Bir baktım ki Arda'nın da neşesi yerine gelmiş. Gözleriyle gülüyor çocuk. "O zaman bir müzik açarsın gardaşım. Bayaaa sıkıldık da."
"Hay hay." onayladıktan sonra Arda'ya neşeli bir müzik açtı ödüllü Yazar Efe'ndi. Yazarımız da ödüllü artık. Ahahahah. Mutlular. Arda oynamaya başladı bile. Güzel oldu. Güzel oldu böyle.
✨
Eve döndükten bir saat sonra eksikleri almak için nineciğim tarafından bakkala gönderildim. Upuzun bir liste verdi. Bir deste de para. Acil olanları getir, diğerlerini sonra Güven Bey getirir dedi ama ben hepsini taşımayı düşünüyorum. Noksanlık var biraz, akıldan. Ahahah. Güçsüz müyüm lan ben? Taşıyamaz mıyım? Hem kendi evim olunca da taşımak zorunda kalacağım. Şimdiden antrenman yapmam lazım. Kimseye şeyim yok benim. Neydi o? Hah şey. Tenezzül. Başka bir şey de olabilir. Neyse önemli değil. Onu mu düşüneceğim şimdi.

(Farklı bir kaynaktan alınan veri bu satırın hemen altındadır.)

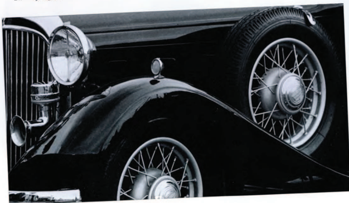
Titulo: Stop. Película Kodak 125 ASA. Papel ilford multigrado. Blanco y negro.
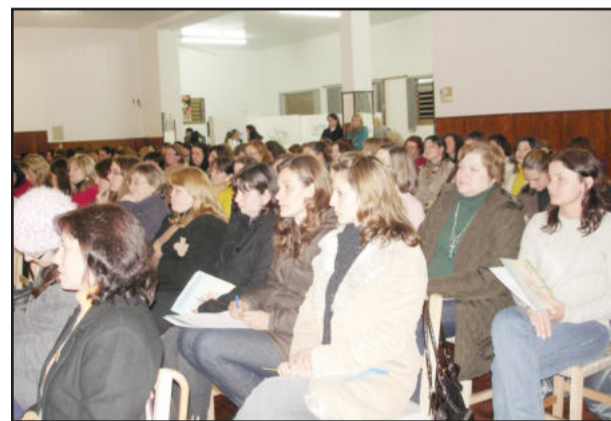
Curso segue hoje e amanhã

A Secretaria Municipal de Educação e Cultura promove mais uma etapa do Curso de Atualização para Profissionais da Educação. Os trabalhos serão retomados na sexta-feira e sábado, dias 25 e 26, nas escolas Santo Antônio e Pedro Cattani. A capacitação, que busca qualificar o ensino oferecido em Garibaldi, teve sua abertura no dia 11, no salão Santo Antônio, no bairro Champagne. Já no dia 12, os educadores participaram das oficinas, oferecidas nos turnos da manhã e tarde.
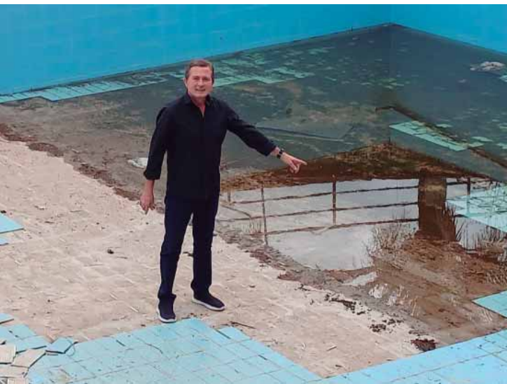
Estrutura deteriorada, acessibilidade comprometida e piscinas inoperantes evidenciam falta de gestão no esporte municipal, aponta Trevisan Jr.

"Piracicaba não pode permitir que um patrimônio público tão representativo permaneça negligenciado. Seguiremos cobrando ações concretas para que o Complexo Aquático Municipal volte a atender a comunidade com dignidade", completou o vereador.
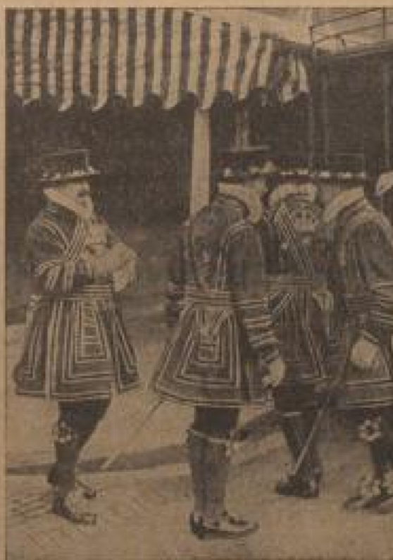
Nebenstehend: Sie forschen nach Pulver! Seit der Aufdeckung der Pulververschwörung wird jedesmal vor Beginn der Parlamentsöffnung das ganze Gebäude von den Schloßgardisten nach Pulver durchsucht.

San-Mathur-o-Rika. Bei Höhletempeln und Höhlenritzen denkt man immer in erster Linie an die berühmten Basen Koptens, Chindens und Siam, aber auch Europa besitzt in diesem Belange manchen beachtenswerten unterirdischen Bau. In Mitteleuropa galtten viele Höhlen
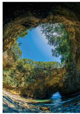
見上げると天窓が広がる

直径約50mの天窓が開く神秘的な洞窟です。道路沿いの入口から洞窟を歩いて天窓の下に立つことができ、上から光が差し込む様子は幻想的です。洞窟は上からも覗き込むことができ、波の侵食によってハートの形に見えることからハートのラブパワースポットとして人気です。
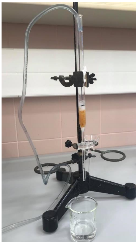
Slika 7 Kolona napunjena adsorbensom
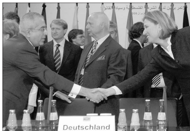
Der palästinensische Premierminister Slam Fayyad (links) begrüßt in Berlin die israelische Außenministerin Zivi Livni.
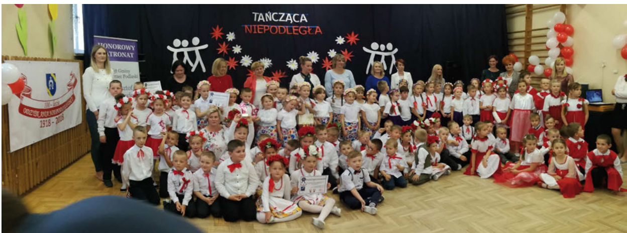
Finał Gminnego Przedszkolnego Przeglądu Tańca „Taneczna Niepodległa 2018” Rudniki 18.05.2018 r.
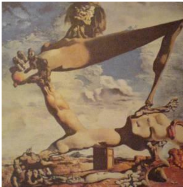
Salvador Dalí (1904 - 1989) Predzvesť občianskej vojny v Španielsku (olej, 1936) Obraz umelca – obrovská masa ľudského tela v delíriu sebaškrtania je metaforickým vyjadrením skutočnosti. Aj v občianskej vojne národ vraždí sám seba.
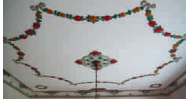
Afb. 7. Het stucwerk in de boerderij van familie Willers in Oberlethe, het geboortedorp van J.B. Logeman, is waarschijnlijk gebaseerd op werk dat de maker kende uit Nederland. De boerderij is sinds de begintijd van de Oldenburgse stucraditie in bezit van de familie Willers die tot de vroegste stukadoorsfamilies kan worden gerekend

Nederlandse kerkinterieur dat afwijkt van wat hij gewend was: 'In IJsbrechtum führte mich dominee Waalkes in seine neue, helle und freundliche Kirche, die gewiss für Holländer schön war, aber für uns Deutsche immer etwas Kahles und Kaltes hatte' (afb. 5). 68 En predikant Schauenburg in 1886: 'Der saubere und nüchterne Sinn der Holländer liebt weisse Decken und Wände und auch die Verzierungen in weiss übertünchter Stuckarbeit. Beide, sowie die äussere Versehung der Häuser mit Stückverzierung beschaffen die stukadoors. Wie lohnend diese Arbeit sein muss, sieht man an den mit städtische Eleganz eingerichtete Häusern der Stuckmeister' (afb. 6). 69
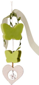
Cod: 7951/Ve Des: Gruppo sapone verde cuore legno Note: 20cm
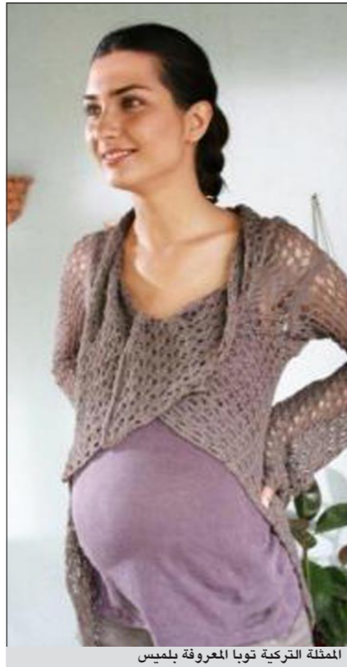
الممثلة التركية توبا المعروفة بللميس

انقرة - وكالات: الممثلة التركية توبا المعروفة بللميس وفي اطلالتها الأولى بعد الحمل في لقاء مع مجلة سيدتي قالت انه بعد مرور 4 شهور على الحمل تفضل ان تلقي السلام على الناس من بعيد خاصة ان الوقت الحالي خصب جدا لنقل عدوى الإنفلونزا وأكدت انها تسعى من خلال رفضها السلام باليد او بالقبلة لحماية التوأم.

Bakkala girdim varınca. Sinan bakışlarını telefonundan üzerime kaldırdı. Tek kaşını kaldırdı. Ben de listeyi ona uzattım. Tek tek arayıp bulamam, o biliyordur yerlerini. Gerçi ben de bir güncük çalıştım burada ama neyyse. Listeyi alıp ortadan böldü. Yarısını bana uzattı. "Sen de bir işe yara yavru çıngırak."
Çı çı çı. Hâlâ mı çıngırak? Göz devirip elinden uzattığı kısmı çektim. Evde de mübarek bir ben kalmışım, her şey bitmiş.
Listedeki her şeyi arayıp bulduk. Sinan hepsinin fiyatını okuttu. Elimdeki para destesini uzattım. Alıp saydı, başını salladı. "Tamam."
"Yok artık tam olması imkansız."
"Tamam değilse de tamam. Uzatma işte."
"Olmaz öyle. Ne kadar eksik söyle."
"Kızım uzatma dedim ya. Ya sabıırr."
"Aman. Ver poşetlerimi."
"Hepsini sen mi taşıyacaksın?"
"Yanımda yöremde başka birini görebiliyor musun?"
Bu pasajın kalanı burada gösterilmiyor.